NEW YORK (Reuters) – The Federal Reserve on Monday launched its Main Street Lending Program, the most complex program undertaken yet by the U.S. central bank to help keep the backbone of the economy from buckling under the strains of the coronavirus pandemic.
The program, targeted at companies that were in good shape before the pandemic but may now need financing to retain workers and fund operations, will offer up to $600 billion in loans through participating financial institutions to U.S. businesses with up to 15,000 employees or with revenues up to $5 billion.
Lenders must register using the lender portal https://mainstreet.frb.org/s/login/?ec=302&startURL=%2Fs%2F and are encouraged by the Fed to begin making program loans to for-profit firms “immediately.”
The central bank also sought feedback on Monday on a proposal to expand the program to allow nonprofit organizations to borrow under the program as well.
Administered by the Boston Fed, the Main Street program for businesses aims to offer credit for those that may be too large to qualify for the Paycheck Protection Program, which targets businesses with fewer than 500 employees.
Unlike the PPP, which was established by Congress in late March and offers loans that can be converted to grants if businesses meet certain requirements, the loans offered under the Fed program must be repaid.

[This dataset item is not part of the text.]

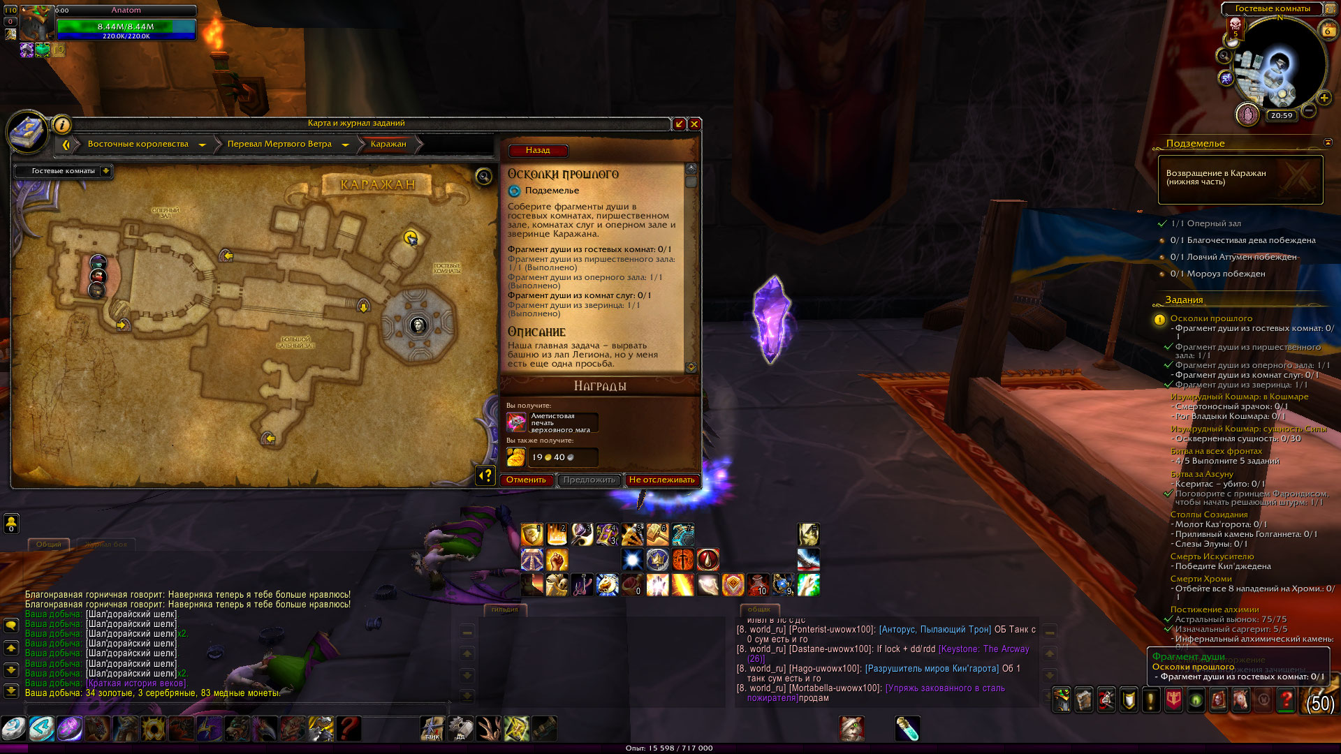 | Description | Собственно сам квест https://ru.wowhead.com/quest=44734 Не засчитываются два кристалла "фрагмент души из комнат слуг" "фрагмент души из комнат гостей" остальные засчитались, при чем они засчитывались по прикосновению, хотя идет каст пару секунд. | ||||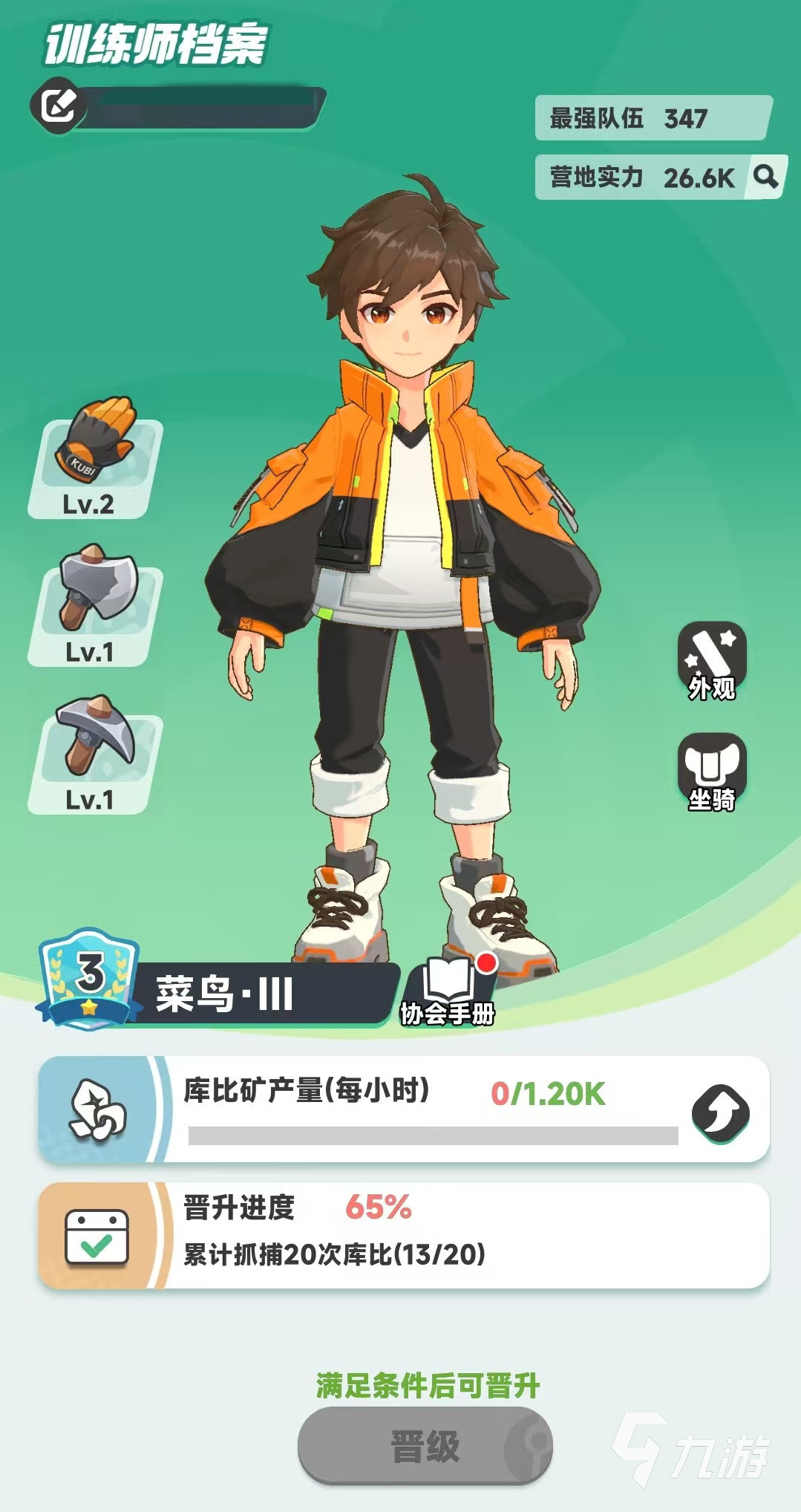 大家在主頁(yè)中點(diǎn)擊左上角的訓(xùn)練師頭像,就可以看到當(dāng)前訓(xùn)練師的等級(jí)以及晉升進(jìn)度,只要晉升進(jìn)度達(dá)到100%,就可以進(jìn)行晉級(jí)。晉級(jí)之后能夠解鎖新頭銜以及帶來(lái)更高的提升效果。為了能夠快速滿足晉級(jí)的需要,大家需要時(shí)刻觀察當(dāng)前等級(jí)所需要的條件,例如要達(dá)到一定量的庫(kù)比礦產(chǎn)量,還需要捕捉指定數(shù)量的寵物,或者是其他要求,都會(huì)在下面非常清楚的羅列出來(lái),只需要按照這些提示去做就可以了。

It has taken nearly three months for the Fed to design, build and launch a program to extend credit to companies in all walks of the economy, a huge departure from its role as a lender to the banking sector.

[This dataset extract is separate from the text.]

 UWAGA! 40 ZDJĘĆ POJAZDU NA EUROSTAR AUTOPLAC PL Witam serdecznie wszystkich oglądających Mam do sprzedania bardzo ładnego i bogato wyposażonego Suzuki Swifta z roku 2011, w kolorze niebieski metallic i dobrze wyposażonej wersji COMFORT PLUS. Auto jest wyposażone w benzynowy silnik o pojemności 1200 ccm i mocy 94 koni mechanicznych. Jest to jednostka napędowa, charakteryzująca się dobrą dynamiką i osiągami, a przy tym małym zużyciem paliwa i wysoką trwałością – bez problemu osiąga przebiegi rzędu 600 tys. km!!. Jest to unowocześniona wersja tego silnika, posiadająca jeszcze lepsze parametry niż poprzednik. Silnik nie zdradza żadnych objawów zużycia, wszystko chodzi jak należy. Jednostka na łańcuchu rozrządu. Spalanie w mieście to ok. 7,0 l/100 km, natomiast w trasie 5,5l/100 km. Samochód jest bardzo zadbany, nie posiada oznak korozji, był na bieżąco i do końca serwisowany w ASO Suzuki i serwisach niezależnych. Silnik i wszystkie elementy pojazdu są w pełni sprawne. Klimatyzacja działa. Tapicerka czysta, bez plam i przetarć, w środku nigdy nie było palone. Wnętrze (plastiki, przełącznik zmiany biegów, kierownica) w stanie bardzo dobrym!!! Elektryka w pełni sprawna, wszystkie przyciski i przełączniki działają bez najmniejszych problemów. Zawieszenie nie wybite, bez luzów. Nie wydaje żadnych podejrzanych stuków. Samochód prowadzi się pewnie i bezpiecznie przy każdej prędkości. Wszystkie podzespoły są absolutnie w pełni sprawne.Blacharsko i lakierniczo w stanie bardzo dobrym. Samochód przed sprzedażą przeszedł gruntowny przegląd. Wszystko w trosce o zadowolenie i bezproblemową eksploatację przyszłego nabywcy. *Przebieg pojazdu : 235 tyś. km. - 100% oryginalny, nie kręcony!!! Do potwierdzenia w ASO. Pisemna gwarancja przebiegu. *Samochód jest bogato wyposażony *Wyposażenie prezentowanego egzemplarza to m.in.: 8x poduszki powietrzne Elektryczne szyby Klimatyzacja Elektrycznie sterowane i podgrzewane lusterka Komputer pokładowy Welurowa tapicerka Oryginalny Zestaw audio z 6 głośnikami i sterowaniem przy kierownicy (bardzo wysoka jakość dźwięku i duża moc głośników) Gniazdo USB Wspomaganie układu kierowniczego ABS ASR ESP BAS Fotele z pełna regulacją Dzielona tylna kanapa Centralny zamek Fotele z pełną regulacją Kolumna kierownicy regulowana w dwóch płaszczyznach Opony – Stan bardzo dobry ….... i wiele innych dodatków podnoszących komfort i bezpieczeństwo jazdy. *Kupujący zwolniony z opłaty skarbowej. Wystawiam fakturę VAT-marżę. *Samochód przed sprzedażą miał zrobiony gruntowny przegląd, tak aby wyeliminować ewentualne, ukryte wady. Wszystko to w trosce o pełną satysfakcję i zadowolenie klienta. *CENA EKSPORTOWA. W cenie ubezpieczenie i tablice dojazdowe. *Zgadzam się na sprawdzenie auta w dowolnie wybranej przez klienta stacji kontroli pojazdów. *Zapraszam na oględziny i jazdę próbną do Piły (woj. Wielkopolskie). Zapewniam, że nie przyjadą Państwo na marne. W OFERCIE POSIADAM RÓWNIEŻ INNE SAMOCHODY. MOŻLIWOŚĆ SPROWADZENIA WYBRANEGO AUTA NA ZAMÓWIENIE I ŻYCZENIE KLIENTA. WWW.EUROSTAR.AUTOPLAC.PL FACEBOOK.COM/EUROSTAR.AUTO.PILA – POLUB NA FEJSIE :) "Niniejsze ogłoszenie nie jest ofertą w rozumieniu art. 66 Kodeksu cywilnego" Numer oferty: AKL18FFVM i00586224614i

Fed officials adjusted the Main Street program twice by expanding the range of loan sizes to make it available to more companies that need help keeping workers on staff. It also extended the loans to five years, with payments deferred for the first two years, to better help businesses struggling because of the crisis.
“Supporting small and mid-sized businesses so they are ready to reopen and rehire workers will help foster a broad-based economic recovery,” Fed Chair Jerome Powell said in a statement last week after the most recent adjustment.
In proposing to add nonprofit organizations to the list of eligible borrowers, the central bank is seeking to extend aid to a “critical” sector that employs millions, supports innovation and the development of a skilled workforce, and provides essential services, the Fed said.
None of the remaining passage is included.